The ‘additional rate’ is legislated in the National Insurance Contributions Act 2002 (c 19), s 1. NICA 2002, s 4, amends the Social Security Administration Act 1992 (c 5), s 162, with the effect that 100 per cent of this additional rate is allocated towards the cost of the NHS in England, Scotland and Wales. There is comparable provision for Northern Ireland in NICA 2002, s 5, with the amendment applying to the Social Security Administration (Northern Ireland) Act 1992 (c 8), s 142. In the November 1999 Pre-Budget Report, the Chancellor of the Exchequer announced that any additional revenue raised from future real increases in tobacco duties would be spent on improving health care (HM Treasury Stability and steady growth for Britain: Pre-Budget report (Cm 4479) (1999), para 5.113; HM Treasury Additional money from tobacco duty increases to go to health spending, Press Release HMT/Health, 9 November 1999).

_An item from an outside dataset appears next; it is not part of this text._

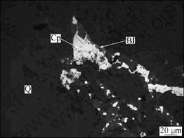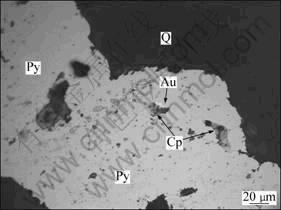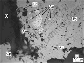 The gold-bearing sulphide minerals are composed of pyrite (Py), chalcopyrite (Cp), sphalerite (Bl) and galena. The gold-bearing gangue is composed of quartz (Q) and feldspar. 77.12% gold grain is in the sulphide mineral and 22.88% is in the gangue as listed in Table 1. Figures 1-4 show that the important gold-bearing minerals are composed of pyrite, chalcopyrite and quartz and change significantly compared with previous research. 62.00% gold occurs in the pyrite, 13.50% is in the chalcopyrite and 20.18% is in the quartz [7-9].
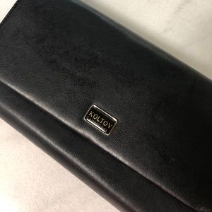 This is a beautiful clutch in perfect condition! Hold lots of things and is perfect for a formal event or travel. 11 inches wide, 6 inches tall and 2 1/2 wide but has some room for expansion.

The proceeds from the 5 per cent real-terms increase in tobacco duties in Budget 2000 contributed to the additional £2 billion health funding for 2000–01 and to the increased allocations for the NHS up to 2003–04. In both Budget 2001 and Budget 2002, tobacco duty was increased in line with inflation, so there was no real-terms increase and hence no additional revenue to increase further the contribution from tobacco duty towards the funding settlements for health care. The government had committed itself to large real-terms increases in spending on the NHS and it is therefore not clear what difference in substantive, as opposed to presentational, terms was made by this linkage.

This Briefing should be cited as: David Heald and Alasdair McLeod (2002), ‘Public Expenditure’, in Constitutional Law, 2002, The Laws of Scotland: Stair Memorial Encyclopaedia, Edinburgh, Butterworths, para 499.